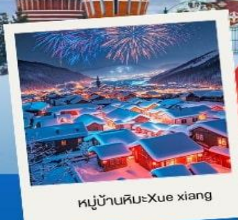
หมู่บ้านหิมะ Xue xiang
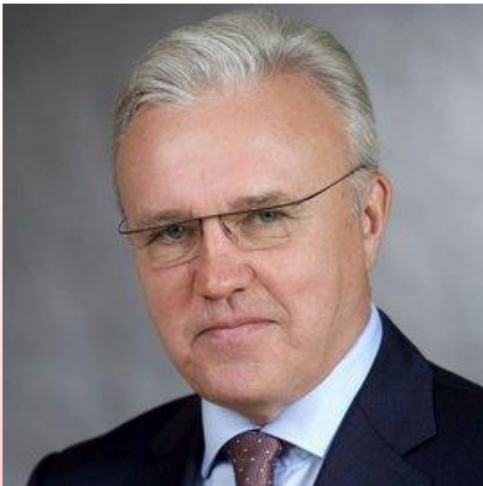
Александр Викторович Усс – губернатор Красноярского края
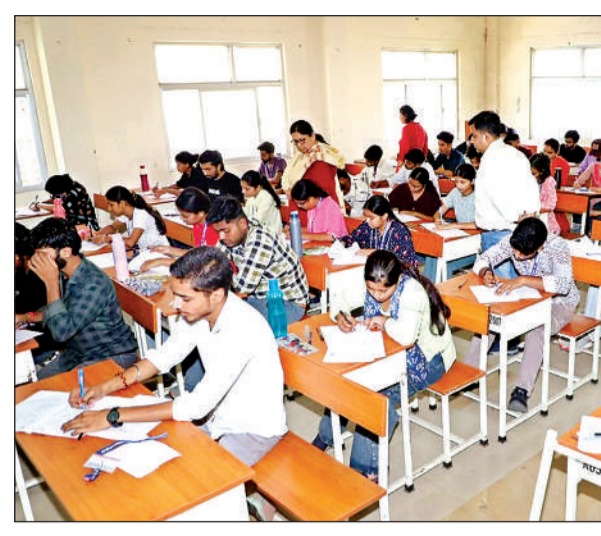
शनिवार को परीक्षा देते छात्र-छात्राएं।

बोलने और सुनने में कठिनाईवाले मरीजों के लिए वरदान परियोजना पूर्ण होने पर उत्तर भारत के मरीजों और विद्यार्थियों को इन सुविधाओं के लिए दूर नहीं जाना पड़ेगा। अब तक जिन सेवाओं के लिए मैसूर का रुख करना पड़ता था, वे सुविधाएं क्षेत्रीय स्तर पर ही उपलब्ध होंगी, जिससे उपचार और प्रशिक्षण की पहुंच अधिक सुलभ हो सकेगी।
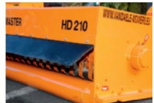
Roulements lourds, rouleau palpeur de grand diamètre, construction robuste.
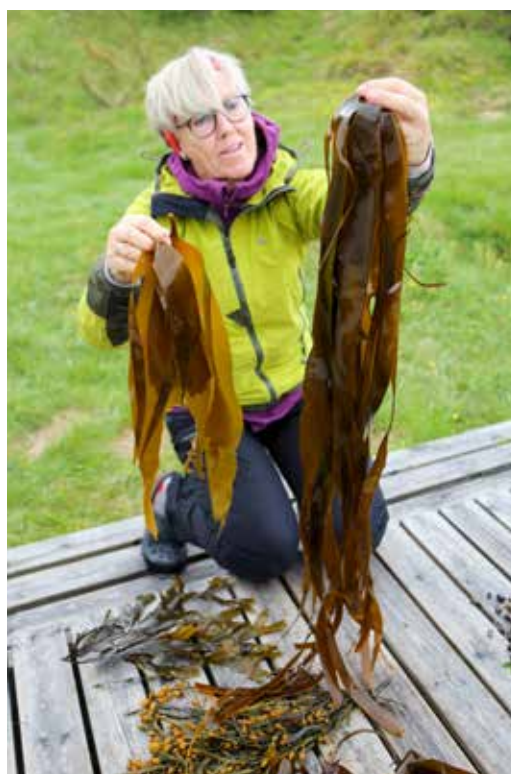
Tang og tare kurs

---

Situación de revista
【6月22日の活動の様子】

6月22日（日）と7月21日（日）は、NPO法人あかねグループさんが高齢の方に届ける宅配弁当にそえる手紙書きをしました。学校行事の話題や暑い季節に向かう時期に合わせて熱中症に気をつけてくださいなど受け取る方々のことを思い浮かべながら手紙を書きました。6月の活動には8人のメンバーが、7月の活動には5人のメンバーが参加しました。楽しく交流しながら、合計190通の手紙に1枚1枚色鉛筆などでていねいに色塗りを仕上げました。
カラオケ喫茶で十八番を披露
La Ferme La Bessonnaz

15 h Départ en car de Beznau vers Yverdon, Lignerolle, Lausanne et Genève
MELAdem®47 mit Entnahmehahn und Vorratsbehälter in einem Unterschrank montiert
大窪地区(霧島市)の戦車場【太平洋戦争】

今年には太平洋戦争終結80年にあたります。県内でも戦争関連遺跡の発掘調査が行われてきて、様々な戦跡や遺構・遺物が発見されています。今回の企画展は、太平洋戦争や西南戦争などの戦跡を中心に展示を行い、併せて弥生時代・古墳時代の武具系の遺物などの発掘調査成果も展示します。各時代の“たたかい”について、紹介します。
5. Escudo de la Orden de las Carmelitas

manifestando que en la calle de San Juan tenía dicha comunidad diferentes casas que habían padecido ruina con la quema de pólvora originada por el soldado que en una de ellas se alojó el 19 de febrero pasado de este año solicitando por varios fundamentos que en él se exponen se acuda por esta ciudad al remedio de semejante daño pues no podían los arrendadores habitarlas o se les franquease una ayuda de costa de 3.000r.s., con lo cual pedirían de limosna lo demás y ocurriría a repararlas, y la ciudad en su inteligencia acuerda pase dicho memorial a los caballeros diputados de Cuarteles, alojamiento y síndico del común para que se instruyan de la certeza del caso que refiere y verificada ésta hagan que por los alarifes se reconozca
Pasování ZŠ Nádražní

_EXERCISE_
Produce a word-for-word copy of everything above from the line holding "6月22日（日）と7月21日" down to the line holding "5. Escudo de la Orden de las Carmelitas", with both of those lines kept.

_WRITTEN SOLUTION_
6月22日（日）と7月21日（日）は、NPO法人あかねグループさんが高齢の方に届ける宅配弁当にそえる手紙書きをしました。学校行事の話題や暑い季節に向かう時期に合わせて熱中症に気をつけてくださいなど受け取る方々のことを思い浮かべながら手紙を書きました。6月の活動には8人のメンバーが、7月の活動には5人のメンバーが参加しました。楽しく交流しながら、合計190通の手紙に1枚1枚色鉛筆などでていねいに色塗りを仕上げました。
カラオケ喫茶で十八番を披露
La Ferme La Bessonnaz

15 h Départ en car de Beznau vers Yverdon, Lignerolle, Lausanne et Genève
MELAdem®47 mit Entnahmehahn und Vorratsbehälter in einem Unterschrank montiert
大窪地区(霧島市)の戦車場【太平洋戦争】

今年には太平洋戦争終結80年にあたります。県内でも戦争関連遺跡の発掘調査が行われてきて、様々な戦跡や遺構・遺物が発見されています。今回の企画展は、太平洋戦争や西南戦争などの戦跡を中心に展示を行い、併せて弥生時代・古墳時代の武具系の遺物などの発掘調査成果も展示します。各時代の“たたかい”について、紹介します。
5. Escudo de la Orden de las Carmelitas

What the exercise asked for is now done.